Electronic Structures of the Methyl Radical: Effect of 3s Atomic Orbital of Carbon

Abstract

By taking the 3s orbital of carbon into account, the self‐consistent‐field (SCF) LCAO—MO method has been applied to the ground state of the methyl radical. The 3s AO used has been determined for the valence state V₄(1s²2s2pπ₊2pπ_—3s) by a variational procedure, so that the orbital exponent of the 3s simple Slater AO obtained is 0.6374 instead of Slater's value 0.4833. For the other states with 3s AO, it is similarly concluded that good approximate 3s orbitals cannot be obtained by using Slater's rule, and more satisfactory shielding constants for the extra‐valence‐shell electron are given.
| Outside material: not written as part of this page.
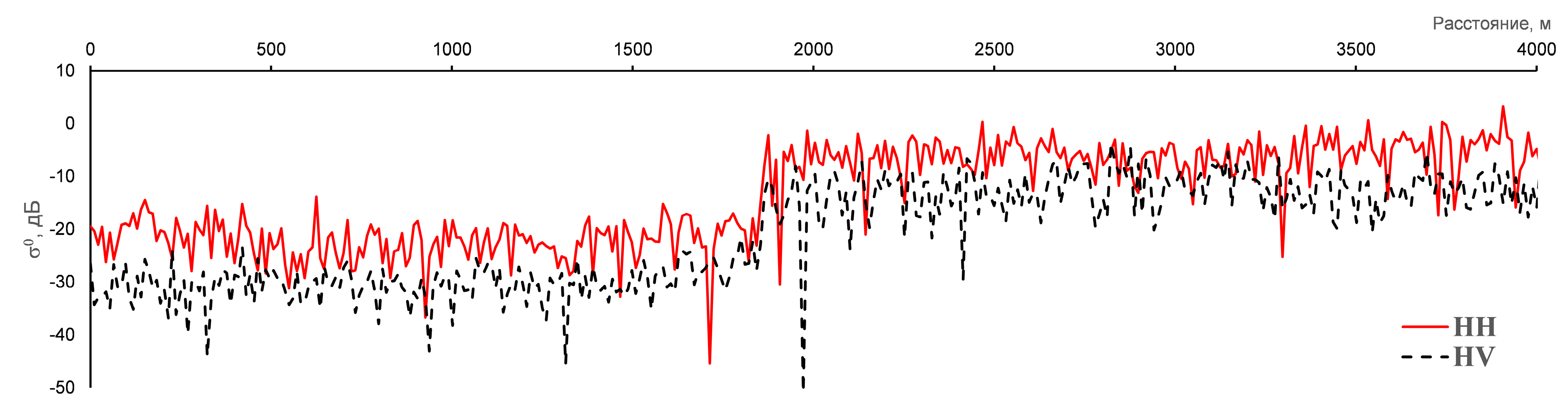 Рис. 1. Профили радиолокационного эхо-сигнала на HH и HV поляризациях для РСА ALOS PALSAR‑1.

Interactions between all electrons have been taken into consideration but the orthogonality relationship between 1s orbitals of carbon and hydrogen has been assumed. For the MOs occupied in the ground state, the forms are hardly changed by the inclusion of the 3s AO, and the contribution of the 3s AO is very small. For the lowest vacant orbital, however, this contribution is exceedingly great and qualitatively the conventional approximation by the 3s AO is rather more satisfactory than the use of the antibonding LCAO—MO constructed by the valence‐shell orbitals. In the lower electronic states calculated, such properties are prominent and the agreements with the observations are relatively good, especially by the inclusion of the 3s AO. The influence of the other extra‐valence‐shell orbitals is discussed.